●20:00「まずは1杯目。僕のイメージでお願いします」
1軒目。渋谷宮益坂にバー「LARGO」はある。壁一面に並んだお酒の瓶に迎えられ、口ヒゲをはやしたバーテンの石原さんにカクテルを注文。
「僕たちのイメージでカクテルを作ってください」
「分りました」
見た事ないようなお酒のビンを何本か取り出し、氷りを砕く。シャカシャカ、シェイカーを振る音。僕と林さんは固唾を飲んでバーテンダー石原さんの動作を見守る。
数分後、2つのどっしりとしたグラスに注がれたカクテルがカウンターの上に並ぶ。
「お2人とも食後だと思いましたので、ハードリキュールベースで作ってみました」
「……」
2人とも空きっ腹だ。
いきなり間違ったイメージ。大丈夫なのか?
「まずは住さんの方ですが、カルバトスというりんごのブランデーベースで作ってみました。オリジナルカクテルです」
■住のイメージカクテルその1「カルバトスベース」
カルバトスというお酒はフランスはノルマンディ地方で取れる林檎から作られるハードリキュール。
「林檎しか取れないような荒廃した土地なんですが、そこに野性味があるんです」
「野性味ですか!僕のイメージは野性ですか?」
「はい。更にこのお酒は寝かせると熟成してどんどん旨味が増していくのです」
まず出て来た僕のイメージが「野性味」だった。今までの人生で野性っぽい、って言われた事は一度もない。意外なイメージに少し喜ぶ。

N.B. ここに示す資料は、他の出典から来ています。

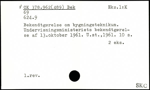 Bekendtgørelse om bygningsteknikum. Undervisningsministeriets bekendtgørelse af 13.oktober 1961. U.st.,1961.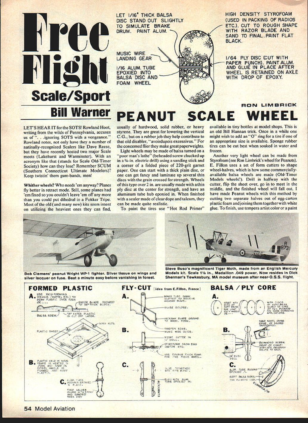 Fee Flight LET I/I& THICK BALSA DISC STAND OUT SLIGHTLY TO SIMULATE BRAKE DRUM PAINT ALUM MUSIC WIRE LANDING GEAR 1/16 ALUM TUBE EPOXIED INTO BALSA DISC AND FOAM WHEEL Scale/Sport HIGH DENSITY STYROFOAM CUSED IN PACKING OF RADIOS ETC CUT TO ROUGH SHAPE WITH RAZOR BLADE AND SAND TO FINAL PAINT FLAT BLACK 1/64 PLY DISC CUT WITH PAPER PUNCH PAINT ALUM AND GLUE IN PLACE AFTER WHEEL IS RETAINED ON AXLE WITH DROP OF EPOXY RON LIMBRICK Bill Warner PEANUT SCALE WHEEL LETS HEAR IT SOTS Rowland Hoot writing wilds Pennsylvania accuses us oring SOTS vengeance Rowland notes have number natinally-recognized Scalers like Dave Reese have recently hosted two major Scale meets Lakehurst Warminster acronym like stands Scale Old-Timer Society can lose Remember SCUM Southern Connecticut Ultimate Modelers Keep twistin gum-bands men Whither wheels needs em anyway Planes fly better retract mode Still some planes em fixed couldnt leave em off could put dihedral Fokker Tripe Most old new kits seem intent utilizing heaviest ones can find FORMED PLASTIC USE VECLAFOEMING DEVICE MATTEL SIC TO DEAW P ASNC DOSE FODM OFDADOF SLEDS SECUEND --TAC NDCN2 eALNA POEM0 SOD U PLUNTID N C 1 OFF ACNE UNIS NUDE FLUALO 5_______ PASTIC fEUD N WDDC B FEUME N UEUT N DUES ANPDNM 051 DOSE HAND E N P00EV NDO DIRT UN C 50EN 0D E ENDED WE ually hardwood solid rubber heavy styrene great lowering vertical CG rubber job help contribute old disabler avoirdupois excessivus concerned flier make great paperweights Light wheels may made balsa turned poor mans lathe beheaded screw chucked up 4-in electric drill using sanding stick corner folded piece 220-grit garnet paper can start thick plain disc can get fancy laminate up several thin discs grain crossed strength Wheels type over 2 usually made thin ply disc center strength have aluminum tube hub epoxied finished sealer made ofcleardope talcum can made quite realistic paint tires use Hot Rod Primer FLY CUT idea EFjlIon France A0 5UoEE SOLOED HACKSAW SUEDE GWGUND CD AMEND FGDM GUANPEN EDGE AlES GUIDE MUJAD CLONED S 4 DEILL NEDFOAMNO DADDONFOM6 LINE POUNDS DOCK FOAM HOE ONE RINSE WMEE C- ASH SUN DOGETEUC SUN, INCOI AUM CNN EPOHED N 5 available tiny bottles model shops old Bill Hannan trick Once might wish add 0 ring tire appropriate size available Sponge rubber tires can cut best soaked water frozen Another very light wheel can made Styrofoam see Ron Limbricks wheel Peanuts E Fillon uses set form cutters shape wheel-halves some commerciallyavailable balsa wheels made Old-Timer Models wheels Drill halfway cutter flip sheet over go meet middle finished wheel will fall Out have made Peanut wheels method cutting two separate halves out egg-carton plastic foam joining together white glue finish use tempera artist color paint START 'J/v NA DCS ONNOF /ihf ON NASA SOFt BA NA Ioff DUNG 0 Does FOR ANT huffON o PLYWOOD PUNY AMES N~f\AIFOE MODE DEMAND WA OKAPP CAD GSA 6MW NUNEL USING EDGE OF FOLDED BUP PER OSANADED 5025W ODOR OF ClANG UCEYUUDE GE SF055 UNLES TO .DLO /4EE C AL MNE NNUNGI$iIk EROs ED LORD NALNA S DEN DSP W 2 4 4W 54 Model Aviation peanut Wright tighter r tissue wings silver lacquer fuse Beat minute easy before vanishing forest mag cent made Trom Mercury Models kit bcale 1fs Medallion 049 power Now resides Dick Shermans Tewkesbury MA model museum after near-O S S flight BALSA / PLY CORE does eat foam wheels came old Sleek Streeks thin plastic shells work well except newer ones seem come safe wheel too Scale-like PeckPolymers went better made black very nice color tire Red props red wheels make colorful product druggists shelf look like devil Scale model Adding paper disc cover void inside wheels adds realism reduces drag better happen have old Mattel Vacu-Forms watch swap meets some Sigs heat-forming plastic sheet can make owneither over heavy wheels over forms own manufacture Remember leave some extra height half-wheel form can trim off transition area pulled two halves can Hot-Stuffed together light coat epoxy around strength other main type wheel spoked wheel Fulton Hungerford makes sizes makes em well hesitate abuse patience trying describe make em Order Pecks get list FH Wheels 1770 Lilac Circle Titusville FL 32780 Suffice itto say try own remember use large diameter spud lacing form must absolutely perpendicular prevent tire wobble tire made poor mans lathe method using two laminations balsa later separated razor blade tacks Using hub consisting two lengths nested aluminum tubing larger being shorter provide shoulder end accept thread spoking lace polyester silk thread over half-wheel down hub shoulder around little back up over wheel half around locating pin over few spokes back over wheel half down hub around bit back up over etc will give dished-downward side thread spokes Touch attachment point Hot Stuff make top lacing Finish off adding top wheel half Hot Stuffing other half thread spoking sand wiched between youre confused should buying wheels Fulton other 99% us Smugglers have weird anyway proven B-29 captured Feds best stories recently comes Bill Stroman got charming avgas attendant Denning TX Seems chap load illegal stuff returning States get Vari-eze probably would have ignored him guy cruising 150 feet What dopey use homebuilt keep hearing reports Vari-ezes Quickies being built successfully models date no has sent proverbial contrasty 5 x 7 black-andwhite photo Hint hint thorniest problems facing FF Scaler Free Flighter matter warp removalwings empennage Aswe plan get detail soon please drop us card favorite warp-removal plan Some swear steam some swear few like gas heat some say nay Should soak entire wing water overnight cover ing pin down year Let us know what has worked both at-home on-the-field warp removal Thanks great letters photos especially ones off-the-shoulder dresses support Keep em flying Bill Warner 423-C San Vicente Blvd Santa Monica CA 90402 February 1982 55 jac mutrauau1 ceimanca racer vuw iiuurpuratus muure iirivu stirrup tfdflbU~5UIUr1 CSLUIII OIIU UUFUU IIIUI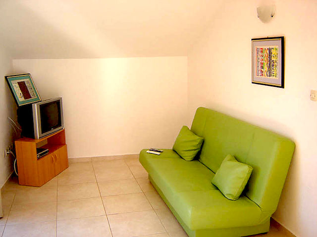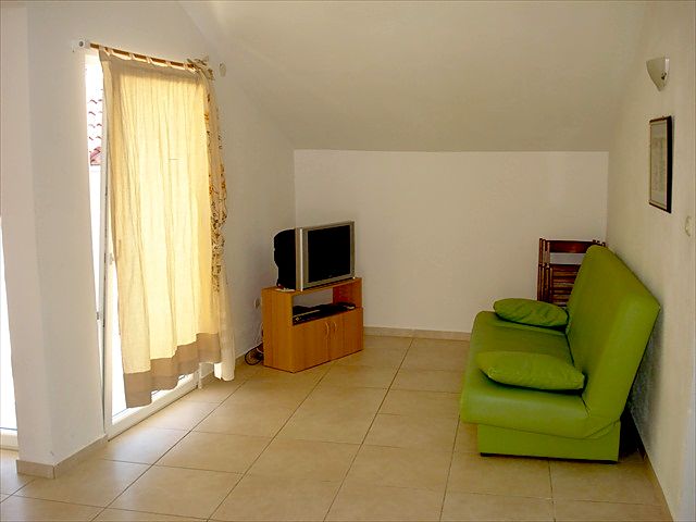 Apartment A4 is located on the second floor of a family house. It has a kitchen, living room, two bedrooms and a bathroom. In each of the bedrooms there is a double bed and wardrobes. From the living room comes to the balcony with a beautiful sea view. The apartment is air-conditioned and equipped with satellite TV, WI-FI, and refrigerator. The price includes bed linen and towels.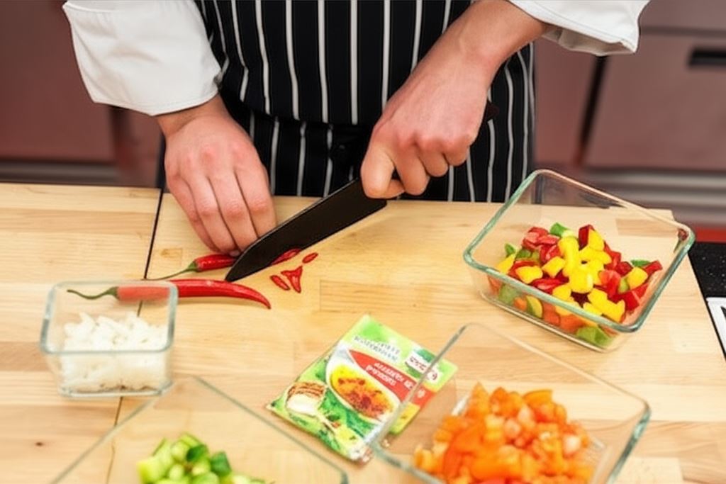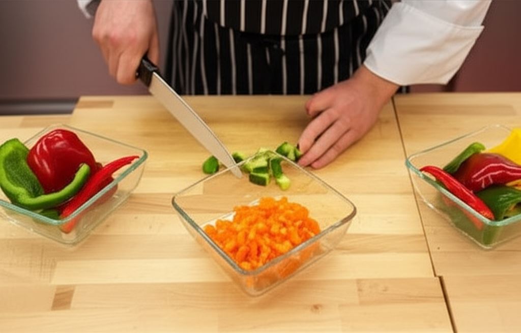 Papryki pozbawione gniazd nasiennych pokrój w kostkę. Ostre papryczki pokrój na cienkie plasterki. Cebulę drobno posiekaj.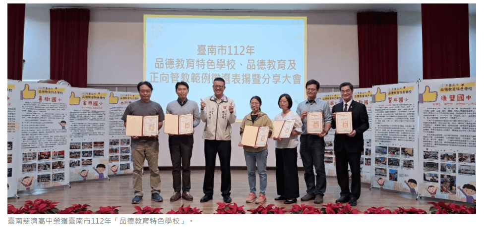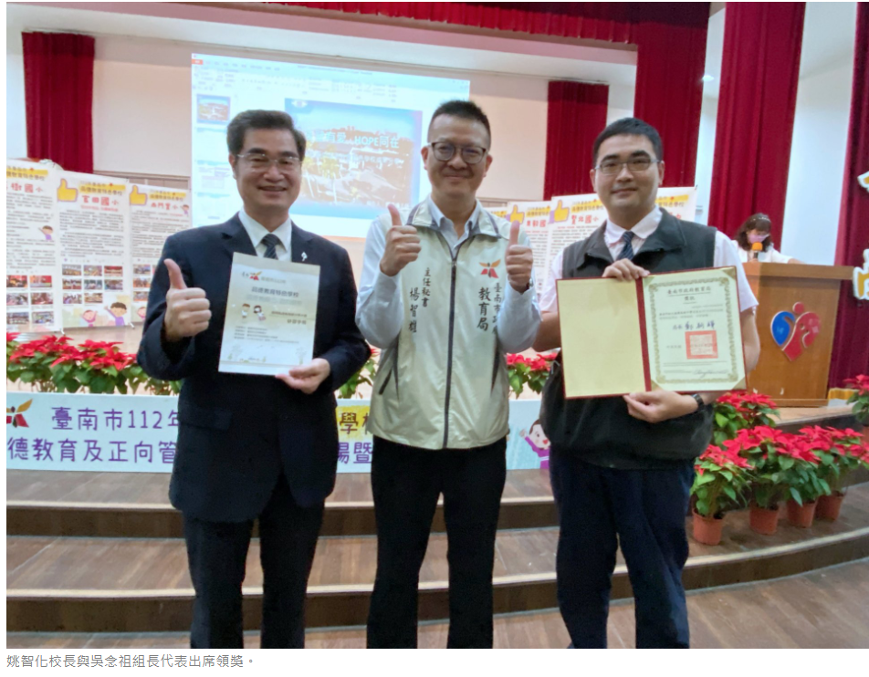 12月5日由姚智化校長代表出席臺南市112年品德教育特色學校、品德教育及正向管教教案徵選表揚暨分享大會獲頒臺南市112年「品德教育特色學校」。

「次に林さんのカクテルですが、クウァントロというハードリキュールをベースにしております」
林さんのイメージは「黄色」だったらしい。僕の「野性」よりはイメージに合っているように思う。
■林のイメージカクテルその1「クウァントロベース」
どちらのカクテルも1杯目にしていきなり強い。僕たちは食後ではない、って一言言えば良かったのだがそういう事を言える雰囲気ではない。バーテンダー石原さんのプライドを傷付けてしまってはいけない。
空きっ腹に40度のアルコールを流し込む。